Extracted data entries
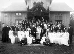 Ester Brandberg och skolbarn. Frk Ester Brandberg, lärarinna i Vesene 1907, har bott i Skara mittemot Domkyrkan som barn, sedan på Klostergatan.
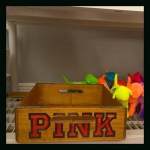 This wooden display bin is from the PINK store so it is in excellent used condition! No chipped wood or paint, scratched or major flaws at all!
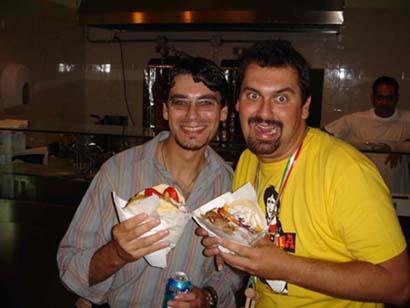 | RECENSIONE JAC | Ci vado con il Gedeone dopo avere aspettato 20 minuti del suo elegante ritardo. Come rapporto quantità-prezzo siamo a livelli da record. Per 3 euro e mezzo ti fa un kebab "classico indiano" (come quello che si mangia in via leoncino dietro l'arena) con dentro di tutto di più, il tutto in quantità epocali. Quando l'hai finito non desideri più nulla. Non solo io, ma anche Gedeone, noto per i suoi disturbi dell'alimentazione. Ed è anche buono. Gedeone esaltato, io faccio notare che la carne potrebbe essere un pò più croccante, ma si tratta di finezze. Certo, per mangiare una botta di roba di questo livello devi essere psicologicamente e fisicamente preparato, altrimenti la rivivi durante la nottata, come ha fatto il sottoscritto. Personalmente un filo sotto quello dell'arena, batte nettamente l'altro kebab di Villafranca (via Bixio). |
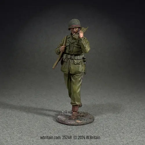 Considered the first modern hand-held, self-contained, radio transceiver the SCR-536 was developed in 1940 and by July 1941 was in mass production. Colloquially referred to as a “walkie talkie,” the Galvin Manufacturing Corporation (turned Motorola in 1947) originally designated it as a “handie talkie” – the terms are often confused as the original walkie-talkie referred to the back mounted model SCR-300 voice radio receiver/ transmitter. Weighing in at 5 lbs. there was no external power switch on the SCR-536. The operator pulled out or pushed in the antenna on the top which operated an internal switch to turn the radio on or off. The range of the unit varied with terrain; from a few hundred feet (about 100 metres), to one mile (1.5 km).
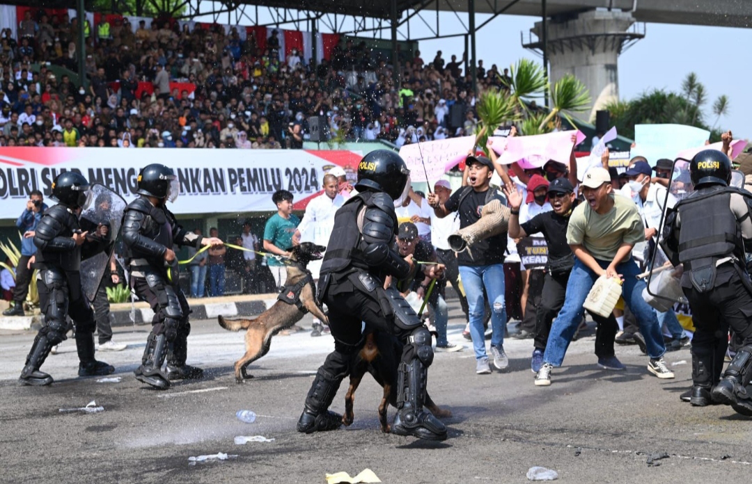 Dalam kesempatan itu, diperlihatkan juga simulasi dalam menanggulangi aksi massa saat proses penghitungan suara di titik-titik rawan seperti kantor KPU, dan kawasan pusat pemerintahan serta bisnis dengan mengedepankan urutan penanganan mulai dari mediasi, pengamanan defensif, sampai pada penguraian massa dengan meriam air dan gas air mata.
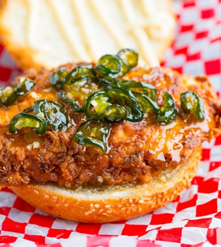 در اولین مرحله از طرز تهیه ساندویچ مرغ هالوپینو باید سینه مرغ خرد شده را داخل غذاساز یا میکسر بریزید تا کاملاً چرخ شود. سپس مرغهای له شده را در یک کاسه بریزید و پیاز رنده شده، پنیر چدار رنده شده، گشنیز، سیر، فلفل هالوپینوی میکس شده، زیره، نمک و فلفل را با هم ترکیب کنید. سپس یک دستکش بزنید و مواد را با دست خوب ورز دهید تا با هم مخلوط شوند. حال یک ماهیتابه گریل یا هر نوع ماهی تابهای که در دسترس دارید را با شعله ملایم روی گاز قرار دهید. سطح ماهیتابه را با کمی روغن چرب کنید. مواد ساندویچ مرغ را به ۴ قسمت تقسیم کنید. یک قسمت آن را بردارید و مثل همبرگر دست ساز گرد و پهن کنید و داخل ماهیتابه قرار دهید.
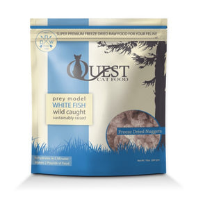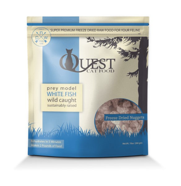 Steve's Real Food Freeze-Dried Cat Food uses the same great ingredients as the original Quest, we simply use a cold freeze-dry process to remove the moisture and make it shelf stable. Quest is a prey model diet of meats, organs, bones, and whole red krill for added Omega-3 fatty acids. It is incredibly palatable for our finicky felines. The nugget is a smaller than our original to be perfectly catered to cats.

> [What you are asked to do]:
The expected output is each entry given again word for word, with pictures dropped.

> [Answer below]:
 Ester Brandberg och skolbarn. Frk Ester Brandberg, lärarinna i Vesene 1907, har bott i Skara mittemot Domkyrkan som barn, sedan på Klostergatan.
 This wooden display bin is from the PINK store so it is in excellent used condition! No chipped wood or paint, scratched or major flaws at all!
 | RECENSIONE JAC | Ci vado con il Gedeone dopo avere aspettato 20 minuti del suo elegante ritardo. Come rapporto quantità-prezzo siamo a livelli da record. Per 3 euro e mezzo ti fa un kebab "classico indiano" (come quello che si mangia in via leoncino dietro l'arena) con dentro di tutto di più, il tutto in quantità epocali. Quando l'hai finito non desideri più nulla. Non solo io, ma anche Gedeone, noto per i suoi disturbi dell'alimentazione. Ed è anche buono. Gedeone esaltato, io faccio notare che la carne potrebbe essere un pò più croccante, ma si tratta di finezze. Certo, per mangiare una botta di roba di questo livello devi essere psicologicamente e fisicamente preparato, altrimenti la rivivi durante la nottata, come ha fatto il sottoscritto. Personalmente un filo sotto quello dell'arena, batte nettamente l'altro kebab di Villafranca (via Bixio). |
 Considered the first modern hand-held, self-contained, radio transceiver the SCR-536 was developed in 1940 and by July 1941 was in mass production. Colloquially referred to as a “walkie talkie,” the Galvin Manufacturing Corporation (turned Motorola in 1947) originally designated it as a “handie talkie” – the terms are often confused as the original walkie-talkie referred to the back mounted model SCR-300 voice radio receiver/ transmitter. Weighing in at 5 lbs. there was no external power switch on the SCR-536. The operator pulled out or pushed in the antenna on the top which operated an internal switch to turn the radio on or off. The range of the unit varied with terrain; from a few hundred feet (about 100 metres), to one mile (1.5 km).
 Dalam kesempatan itu, diperlihatkan juga simulasi dalam menanggulangi aksi massa saat proses penghitungan suara di titik-titik rawan seperti kantor KPU, dan kawasan pusat pemerintahan serta bisnis dengan mengedepankan urutan penanganan mulai dari mediasi, pengamanan defensif, sampai pada penguraian massa dengan meriam air dan gas air mata.
 در اولین مرحله از طرز تهیه ساندویچ مرغ هالوپینو باید سینه مرغ خرد شده را داخل غذاساز یا میکسر بریزید تا کاملاً چرخ شود. سپس مرغهای له شده را در یک کاسه بریزید و پیاز رنده شده، پنیر چدار رنده شده، گشنیز، سیر، فلفل هالوپینوی میکس شده، زیره، نمک و فلفل را با هم ترکیب کنید. سپس یک دستکش بزنید و مواد را با دست خوب ورز دهید تا با هم مخلوط شوند. حال یک ماهیتابه گریل یا هر نوع ماهی تابهای که در دسترس دارید را با شعله ملایم روی گاز قرار دهید. سطح ماهیتابه را با کمی روغن چرب کنید. مواد ساندویچ مرغ را به ۴ قسمت تقسیم کنید. یک قسمت آن را بردارید و مثل همبرگر دست ساز گرد و پهن کنید و داخل ماهیتابه قرار دهید.
 Steve's Real Food Freeze-Dried Cat Food uses the same great ingredients as the original Quest, we simply use a cold freeze-dry process to remove the moisture and make it shelf stable. Quest is a prey model diet of meats, organs, bones, and whole red krill for added Omega-3 fatty acids. It is incredibly palatable for our finicky felines. The nugget is a smaller than our original to be perfectly catered to cats.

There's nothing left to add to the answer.